**Entries shown**.
-*-*-

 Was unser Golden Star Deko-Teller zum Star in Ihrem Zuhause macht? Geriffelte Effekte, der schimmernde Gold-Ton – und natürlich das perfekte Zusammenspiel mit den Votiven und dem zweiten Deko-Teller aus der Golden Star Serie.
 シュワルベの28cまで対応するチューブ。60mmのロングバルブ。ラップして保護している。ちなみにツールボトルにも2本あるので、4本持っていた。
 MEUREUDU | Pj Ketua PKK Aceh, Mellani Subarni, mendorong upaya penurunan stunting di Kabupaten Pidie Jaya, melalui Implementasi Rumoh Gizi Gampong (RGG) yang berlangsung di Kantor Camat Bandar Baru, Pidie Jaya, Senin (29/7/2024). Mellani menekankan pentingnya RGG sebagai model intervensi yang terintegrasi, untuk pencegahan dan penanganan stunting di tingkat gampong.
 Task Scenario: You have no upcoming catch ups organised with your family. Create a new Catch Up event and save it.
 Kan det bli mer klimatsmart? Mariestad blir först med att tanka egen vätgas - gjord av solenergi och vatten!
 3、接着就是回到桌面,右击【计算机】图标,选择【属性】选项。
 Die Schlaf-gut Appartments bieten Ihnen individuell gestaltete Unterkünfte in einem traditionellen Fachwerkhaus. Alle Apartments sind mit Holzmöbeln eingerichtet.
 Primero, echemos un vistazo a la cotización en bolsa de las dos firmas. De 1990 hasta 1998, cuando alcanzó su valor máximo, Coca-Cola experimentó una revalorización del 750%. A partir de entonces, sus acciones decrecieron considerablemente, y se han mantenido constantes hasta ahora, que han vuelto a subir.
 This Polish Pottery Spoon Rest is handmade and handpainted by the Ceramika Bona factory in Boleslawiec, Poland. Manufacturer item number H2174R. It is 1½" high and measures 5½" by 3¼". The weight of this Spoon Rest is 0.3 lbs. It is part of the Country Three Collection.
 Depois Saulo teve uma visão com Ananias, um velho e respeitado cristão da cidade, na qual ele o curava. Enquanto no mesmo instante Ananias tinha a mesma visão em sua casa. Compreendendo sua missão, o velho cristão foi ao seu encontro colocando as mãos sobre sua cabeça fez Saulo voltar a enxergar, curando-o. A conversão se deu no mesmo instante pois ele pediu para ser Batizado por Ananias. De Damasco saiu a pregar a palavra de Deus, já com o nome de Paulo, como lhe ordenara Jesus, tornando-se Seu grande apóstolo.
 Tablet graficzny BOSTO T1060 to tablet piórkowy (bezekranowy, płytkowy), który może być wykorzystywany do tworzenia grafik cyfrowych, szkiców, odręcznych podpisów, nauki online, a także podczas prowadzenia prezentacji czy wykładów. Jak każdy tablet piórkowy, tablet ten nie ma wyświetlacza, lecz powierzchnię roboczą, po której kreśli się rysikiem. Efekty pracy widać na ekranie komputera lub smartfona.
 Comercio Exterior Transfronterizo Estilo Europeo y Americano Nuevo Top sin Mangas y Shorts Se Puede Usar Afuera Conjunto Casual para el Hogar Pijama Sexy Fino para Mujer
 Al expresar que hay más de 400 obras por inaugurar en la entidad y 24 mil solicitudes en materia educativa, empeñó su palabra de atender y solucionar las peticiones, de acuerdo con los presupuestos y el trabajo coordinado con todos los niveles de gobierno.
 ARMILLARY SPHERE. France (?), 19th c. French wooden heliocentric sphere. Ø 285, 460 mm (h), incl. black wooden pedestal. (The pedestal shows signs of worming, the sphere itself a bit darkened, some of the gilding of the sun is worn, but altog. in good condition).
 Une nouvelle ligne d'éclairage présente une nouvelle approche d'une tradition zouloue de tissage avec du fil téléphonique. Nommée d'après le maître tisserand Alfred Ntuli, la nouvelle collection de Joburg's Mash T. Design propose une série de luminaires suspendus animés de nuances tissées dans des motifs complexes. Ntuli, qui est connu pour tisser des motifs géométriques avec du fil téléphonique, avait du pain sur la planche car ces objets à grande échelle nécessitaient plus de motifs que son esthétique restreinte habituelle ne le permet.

-*-*-

**Aim of the exercise**.
Whatever appears in the lines above should be copied exactly.

**Solution for this exercise**.
 Was unser Golden Star Deko-Teller zum Star in Ihrem Zuhause macht? Geriffelte Effekte, der schimmernde Gold-Ton – und natürlich das perfekte Zusammenspiel mit den Votiven und dem zweiten Deko-Teller aus der Golden Star Serie.
 シュワルベの28cまで対応するチューブ。60mmのロングバルブ。ラップして保護している。ちなみにツールボトルにも2本あるので、4本持っていた。
 MEUREUDU | Pj Ketua PKK Aceh, Mellani Subarni, mendorong upaya penurunan stunting di Kabupaten Pidie Jaya, melalui Implementasi Rumoh Gizi Gampong (RGG) yang berlangsung di Kantor Camat Bandar Baru, Pidie Jaya, Senin (29/7/2024). Mellani menekankan pentingnya RGG sebagai model intervensi yang terintegrasi, untuk pencegahan dan penanganan stunting di tingkat gampong.
 Task Scenario: You have no upcoming catch ups organised with your family. Create a new Catch Up event and save it.
 Kan det bli mer klimatsmart? Mariestad blir först med att tanka egen vätgas - gjord av solenergi och vatten!
 3、接着就是回到桌面,右击【计算机】图标,选择【属性】选项。
 Die Schlaf-gut Appartments bieten Ihnen individuell gestaltete Unterkünfte in einem traditionellen Fachwerkhaus. Alle Apartments sind mit Holzmöbeln eingerichtet.
 Primero, echemos un vistazo a la cotización en bolsa de las dos firmas. De 1990 hasta 1998, cuando alcanzó su valor máximo, Coca-Cola experimentó una revalorización del 750%. A partir de entonces, sus acciones decrecieron considerablemente, y se han mantenido constantes hasta ahora, que han vuelto a subir.
 This Polish Pottery Spoon Rest is handmade and handpainted by the Ceramika Bona factory in Boleslawiec, Poland. Manufacturer item number H2174R. It is 1½" high and measures 5½" by 3¼". The weight of this Spoon Rest is 0.3 lbs. It is part of the Country Three Collection.
 Depois Saulo teve uma visão com Ananias, um velho e respeitado cristão da cidade, na qual ele o curava. Enquanto no mesmo instante Ananias tinha a mesma visão em sua casa. Compreendendo sua missão, o velho cristão foi ao seu encontro colocando as mãos sobre sua cabeça fez Saulo voltar a enxergar, curando-o. A conversão se deu no mesmo instante pois ele pediu para ser Batizado por Ananias. De Damasco saiu a pregar a palavra de Deus, já com o nome de Paulo, como lhe ordenara Jesus, tornando-se Seu grande apóstolo.
 Tablet graficzny BOSTO T1060 to tablet piórkowy (bezekranowy, płytkowy), który może być wykorzystywany do tworzenia grafik cyfrowych, szkiców, odręcznych podpisów, nauki online, a także podczas prowadzenia prezentacji czy wykładów. Jak każdy tablet piórkowy, tablet ten nie ma wyświetlacza, lecz powierzchnię roboczą, po której kreśli się rysikiem. Efekty pracy widać na ekranie komputera lub smartfona.
 Comercio Exterior Transfronterizo Estilo Europeo y Americano Nuevo Top sin Mangas y Shorts Se Puede Usar Afuera Conjunto Casual para el Hogar Pijama Sexy Fino para Mujer
 Al expresar que hay más de 400 obras por inaugurar en la entidad y 24 mil solicitudes en materia educativa, empeñó su palabra de atender y solucionar las peticiones, de acuerdo con los presupuestos y el trabajo coordinado con todos los niveles de gobierno.
 ARMILLARY SPHERE. France (?), 19th c. French wooden heliocentric sphere. Ø 285, 460 mm (h), incl. black wooden pedestal. (The pedestal shows signs of worming, the sphere itself a bit darkened, some of the gilding of the sun is worn, but altog. in good condition).
 Une nouvelle ligne d'éclairage présente une nouvelle approche d'une tradition zouloue de tissage avec du fil téléphonique. Nommée d'après le maître tisserand Alfred Ntuli, la nouvelle collection de Joburg's Mash T. Design propose une série de luminaires suspendus animés de nuances tissées dans des motifs complexes. Ntuli, qui est connu pour tisser des motifs géométriques avec du fil téléphonique, avait du pain sur la planche car ces objets à grande échelle nécessitaient plus de motifs que son esthétique restreinte habituelle ne le permet.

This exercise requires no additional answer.